The Annual Report and Notice of Annual General Meeting are also available on the Company's website www.sabmiller.com.
SABMiller plc's Annual General Meeting will be held on Thursday, 21 July 2016 at the InterContinental London Park Lane, One Hamilton Place, Park Lane, London W1J 7QY.
A printed copy of the 2016 Annual Report and Accounts and Notice of Annual General Meeting 2016 will be sent to those shareholders who have elected to receive paper communications on 21 June 2016.
A condensed set of SABMiller's financial statements and information on important events that have occurred during the financial year and their impact on the financial statements were included in SABMiller's preliminary results announcement released on 18 May 2016. That information, together with the information set out below, which is extracted from the 2016 Annual Report, constitutes the material required by Disclosure and Transparency Rule 6.3.5 to be communicated to the media in unedited full text through a Regulatory Information Service. This announcement is not a substitute for reading the full 2016 Annual Report. Page numbers and cross-references in the extracted information below refer to page numbers and sections in the 2016 Annual Report.
PRINCIPAL RISKS (page 16 & 17)
Principal risks
Focused on managing our risks
The principal risks facing the group and considered by the board and the executive committee are detailed below. The group's risk management process is described in the corporate governance section while financial risks are discussed in the finance review on page 47 and in note 21 to the consolidated financial statements.
Principal risk | Context | Specific risks we face | Possible impact | Mitigation | Associated strategic priorities | Comparison to previous year |
Management capability
| We believe that our people are our enduring advantage and it is essential that we develop and maintain global management capability.
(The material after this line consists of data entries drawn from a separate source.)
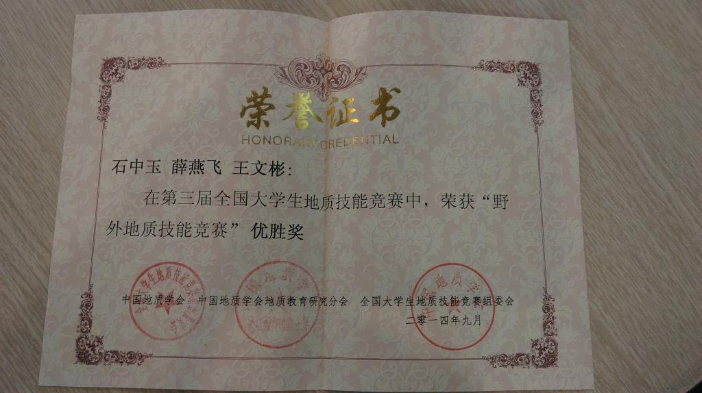2014年9月26日在吉林大学举办的全国老员工地质技能大赛——野外地质技能竞赛单项赛中,公司代表队石中玉、薛燕飞、王文彬同学获得优胜奖。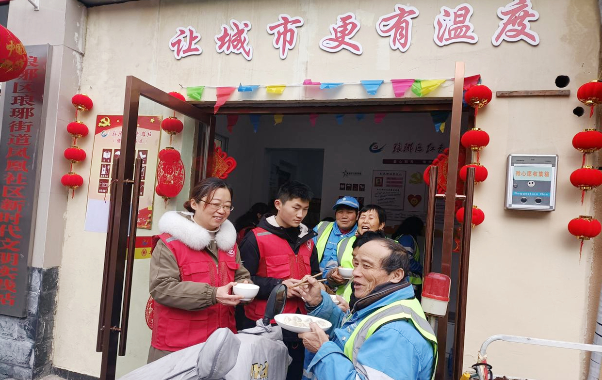 為讓環(huán)衛(wèi)工人感受到節(jié)日祝福和社會關(guān)愛,市擔(dān)保集團(tuán)志愿者來到鳳凰社區(qū)開展“大年初一送水餃 溫情暖人心”活動?;顒又?,志愿者們向環(huán)衛(wèi)工人表達(dá)溫馨的新春祝福,并送上熱氣騰騰的餃子,為新春佳節(jié)增添了濃濃的年味。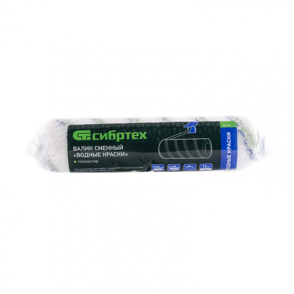 Сменный валик Сибртех «Водные краски» 80139 250 х 48 мм, с ворсом 12 мм из полиэстера, устанавливается на ручку диаметром 8 мм. Оптимален для работы с водно-дисперсионными красками. Универсальная длина ворса 12 мм подходит для окрашивания большинства типов поверхностей.ПреимуществаНовейшая технология производства Termofusion Coinjection — ресурс валика и качество окрашивания увеличены в несколько раз.Высокое качество окрашивания — шубка без шва, с обработанными краями, не оставляет следов на поверхности.Прочность — термически приклеенная шубка не оторвется от валика даже при интенсивной эксплуатации.Свободное вращение — ролик не заедает в процессе работы, обеспечивая наибольший коэффициент отдачи краски.Ширина 250 мм — валик позволяет быстро окрашивать большие поверхности.

Our people are a source of competitive advantage and will continue to be in the new enlarged organisation or in a standalone business if the AB InBev transaction does not complete. | • Failing to identify, develop and retain an appropriate pipeline of talented managers for the present and future needs of the group.
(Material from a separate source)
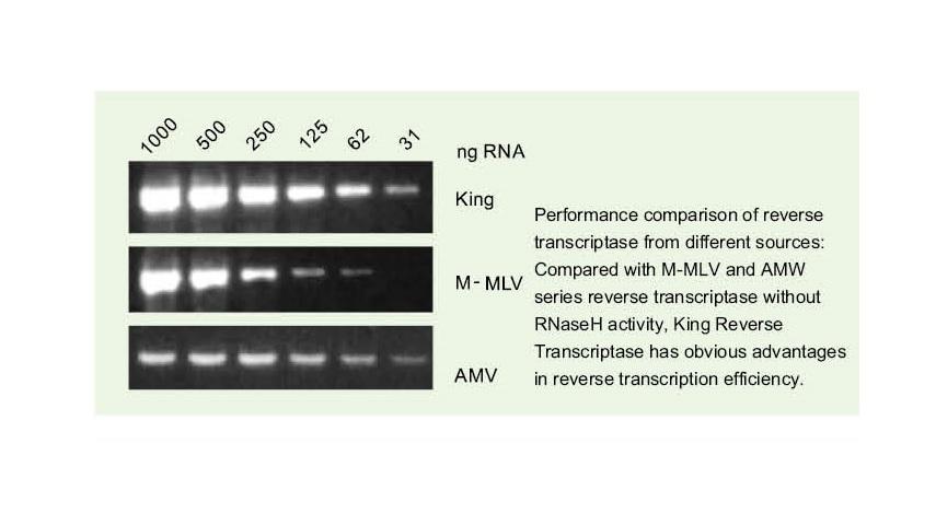 ● Template integrity: The integrity of template RNA is very important for reverse transcription. If RNA template contains RNase, the template RNA will be degraded and the amount of cDNA product will be decreased or even no cDNA product.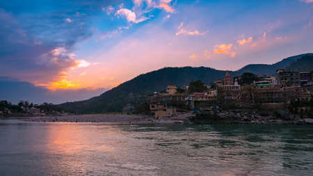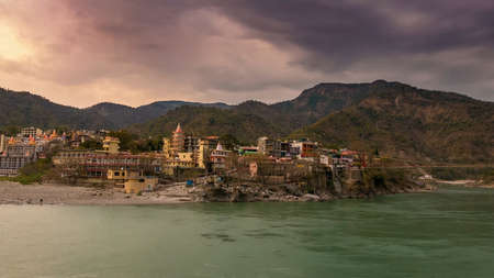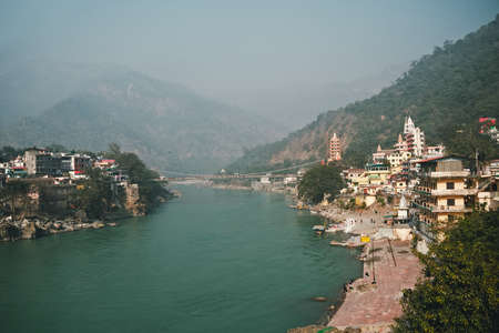Panorama view of the Holy Ganges river that flows through Rishikesh - the holy city for the Hindus, India. Shoot from Bridge Laxman Jhula.

• Potential disruption to management and staff arising from uncertainty during the AB InBev offer period and exacerbated by the complexity of potential disposals to facilitate regulatory approvals.
| • Failure to deliver the group's strategic and financial ambitions.
• Lower long-term profitable growth.
• Loss of competitive advantage. | • Building the group's leadership talent pipeline through our Global Talent Management model, strategic people resourcing and long-term talent pipeline.
• Sustaining a strong culture of accountability, empowerment, and personal development.
• Continuous employee engagement and communication to promote retention of key talent and use of incentive programmes that support motivation and retention.
• Aligned goal setting focused on current priorities. | • Drive superior topline growth.
• Build a globally integrated organisation to optimise resources, win in market and reduce costs.
• Actively shape our global mix to drive a superior growth profile.
| Risk broadened due to the AB InBev offer |
Regulatory changes
| With an increasingly high profile debate over alcohol consumption in many markets, the alcohol industry is coming under more pressure from national and international regulators, NGOs and local governments.
This risk has broadened as compared with the previous year due to possible increased regulatory scrutiny arising from the AB InBev offer. | • Regulation places increasing restrictions on the availability and marketing of beer.
• Tax and excise changes cause pressure on pricing.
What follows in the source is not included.